16. A method of treatment of hyperopia (long-sightedness), myopia (short-sightedness) or presbyopia comprising orally administering an effective dose of a polyunsaturated fatty acid (PUFA) or derivative thereof to a mammalian subject in need thereof.

17-18. (canceled)

19. The method of claim 4 wherein the at least one PUFA or derivative thereof is an omega 3 PUFA, preferably selected from alpha-linolenic acid (ALA), stearidonic acid, eicosatetraenoic acid, eicosapentaenoic acid (EPA), docosapentaenoic acid (DPA), docosahexaenoic acid (DHA) and nisinic acid, particularly preferably selected from EPA or DHA, and wherein said derivative thereof is selected from a salt, an ester, a glyceride or a phospholipid.

20. The method of claim 4, said composition further comprising at least one other vision-enhancing agent.

21. The method of claim 4, wherein said at least one PUFA is administered in a dosage of between 0.1 g and 10 g, calculated on the basis of the PUFA as a free fatty acid.

22. The method of claim 4, wherein said composition is administered in a single daily dosage.

23. The method of claim 6 for treating hyperopia (long-sightedness), myopia (short-sightedness) or presbyopia, preferably hyperopia, in a human subject.

24. The method of claim 6 wherein the at least one PUFA or derivative thereof is an omega 3 PUFA, preferably selected from alpha-linolenic acid (ALA), stearidonic acid, eicosatetraenoic acid, eicosapentaenoic acid (EPA), docosapentaenoic acid (DPA), docosahexaenoic acid (DHA) and nisinic acid, particularly preferably selected from EPA or DHA, and wherein said derivative thereof is selected from a salt, an ester, a glyceride or a phospholipid.
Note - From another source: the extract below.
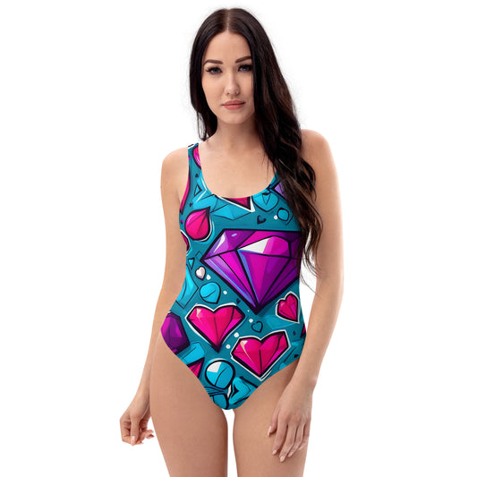 Elevate your beachwear with our Hearts and Diamonds One-piece Swimsuit collection. Each suit exudes elegance and glamour, adorned with exquisite details that make you stand out on the beach or by the pool. Embrace sophistication and radiate confidence with Paradise Rebel

25. The method of claim 6, said composition further comprising at least one other vision-enhancing agent.

26. The method of claim 6, wherein said at least one PUFA is administered in a dosage of between 0.1 g and 10 g, calculated on the basis of the PUFA as a free fatty acid.

27. The method of claim 6, wherein said composition is administered in a single daily dosage.